Simulated Electroacoustic Stimulation (EAS)

The FAME algorithm was modified to simulate the EAS. The input stimuli were low-pass filtered at 525 Hz. The high-frequency portion of the signal, above 525 Hz, was bandpass filtered into 21 contiguous frequency bands between 525 and 7,563 Hz. The ENVs' of the signals were extracted by full-wave rectification and low pass filtering at 400 Hz. The ENVs' were then used to amplitude modulate sine-wave carriers whose frequency was the center frequency of bands. Finally, the low-passed signal and modulated sub-band signals were summed up to simulate EAS.

Procedures

The Concurrent Vowel Identification Through FAME, EAS, and SV

The concurrent vowel identification paradigm used in the current study was like the experiments conducted by Kumar et al.26 The synthesized steady-state vowels /a/, /e/, /i/, /o/, and /u/ were used for the task. The vowels /e/, /i/, /o/, and /u/ served as the targets and /a/ served as the competing vowel. Concurrent vowel stimuli were created by pairing each target vowel with the competing vowel. Participants were instructed to ignore the competing vowel and to identify the target vowel. Following the stimulus presentation, a response box consisting of the four vowels appeared on the screen. Participants responded by clicking on the appropriate button on the screen. Concurrent vowel identification scores were measured as the function of the F0 difference between the target and the competing vowel. Within each concurrent vowel pair, the target and the competing vowel differed in F0 by 0, 1, 2, and 4 semitones. Each concurrent vowel pair was presented 10 times, and the total correct scores were calculated separately for the F0 differences of 0, 1, 2, and 4 semitone conditions. The probability that a vowel was perceived correctly was considered as the hit rate, and the probability of identifying a vowel when other vowels were presented was the false alarm rate.
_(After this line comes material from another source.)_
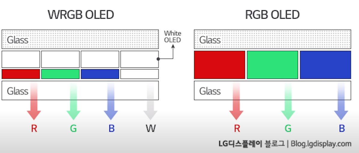 간략하게 요약을 먼저 해보자면, WOLED는 모든 OLED의 소자들을 흰색으로 빛을 내게 하는 것이고, RGB OLED는 소자들이 각각 RGB로 빛을 내고 있는 차이가 있다.
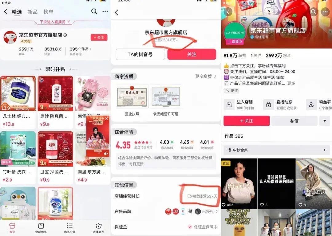 在研究抖音电商中生鲜、快消的零售生态环境时,鲸商发现,截至2023年2月3日,京东超市入驻抖音已有597天,累计销售了3531.8万件(自营)商品,而京东超市的抖音粉丝已达到259万,发布的非隐藏或删除作品有395个。

Later d-prime analysis was carried out and d-values were computed for /e/, /i/, /o/ and /u/ for the F0 difference of 0, 1, 2 and 4 semitones.

The experiment was carried out in three conditions. In the first condition, the vowels were processed through EAS. In the second condition, the vowels were processed through FAME. Both these conditions provided TFS information to the participant. In the third condition, no TFS information was given. The order of the presentation of the conditions was randomized.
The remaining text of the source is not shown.